Our sympathies to the family of Cheshire Town Councilor Anne Giddings, who died Monday evening a month after an automobile crash. Her loss will be felt very deeply.

Meriden’s budget seems to be taking shape with less of the acrimony than has sometimes been the case. Setting figures this year, with the state budget still up in the air, is a bit like aiming a gun in the dark, but that’s the way it always is, since budget processes on both levels of government are fairly simultaneous. And the school board is trimming its sails closely as each day passes.

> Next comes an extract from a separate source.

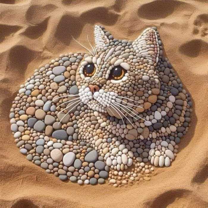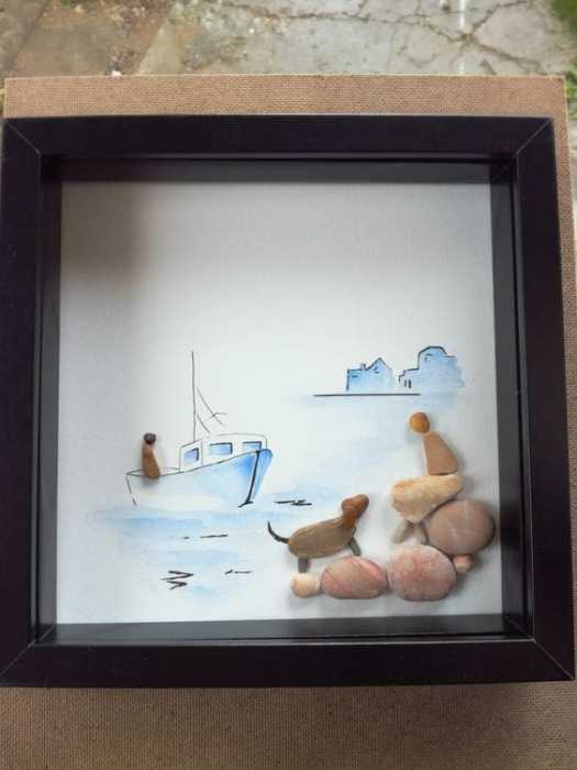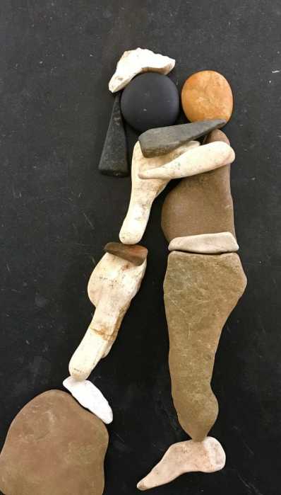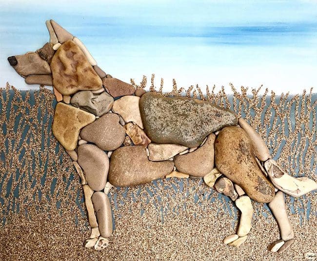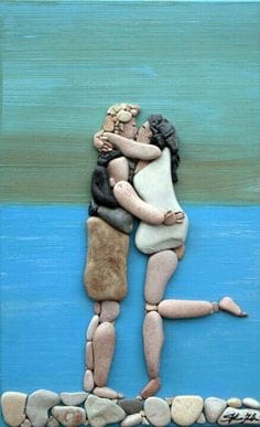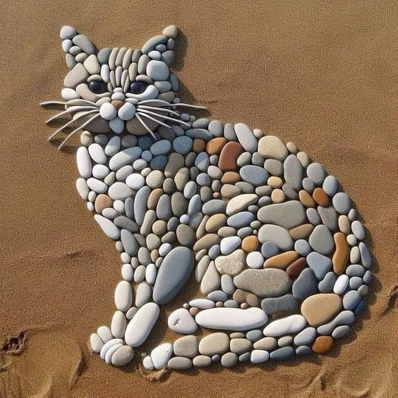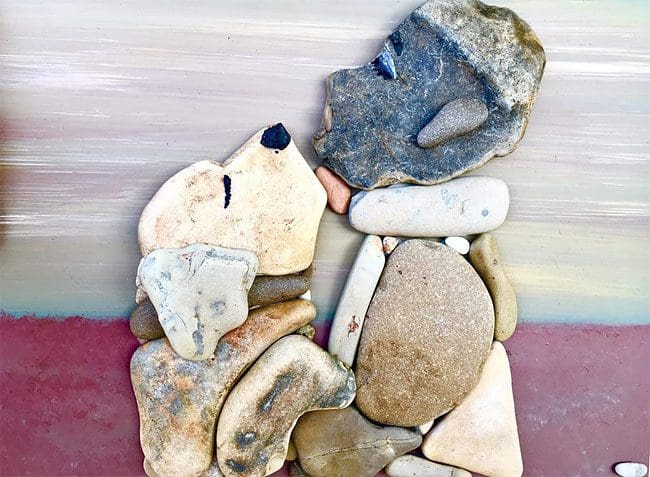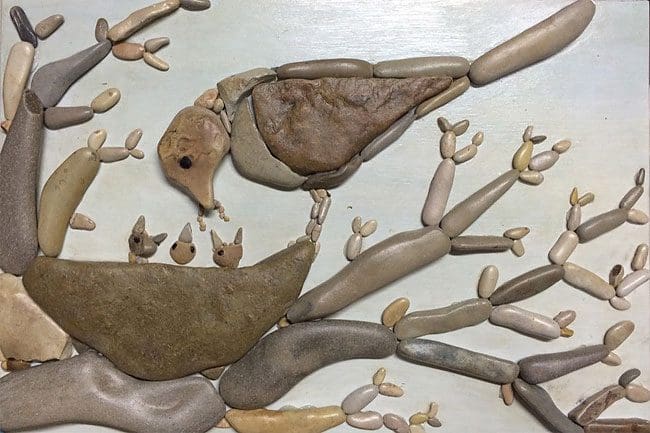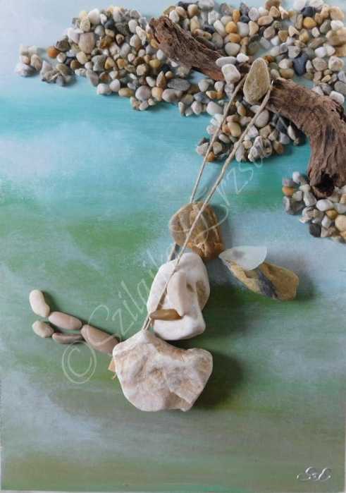 I’m totally in awe of this woman’s talent. She arranges PEBBLES on a flat space and makes you FEEL. And, not only does she do that, bringing it to an art form, but mixes media, painting details and backgrounds to make each one a true work of art. Mind-boggling.

Connecticut’s legislature is tinkering with the rules at both ends of the school system, which isn’t necessarily a bad thing. While efforts are still underway to try to require high school kids to remain in school until they turn 18, as a number of other states do, they are also attempting to insure that kindergarteners are a little older (three months) when they begin school – which is fine, but the point was the now missing guarantee of pre-school care.

Congratulations to Jack Masterson (better known at the Daffodil Festival as Smokey Bear). The former South Meriden firefighter and lieutenant will serve as the Grand Marshal of this weekend’s Daffodils on Parade.

There’s not much choice about paying for an outside investigation of allegations concerning the Meriden Police Department. Remember, in this situation, money is the least of the costs in the final analysis.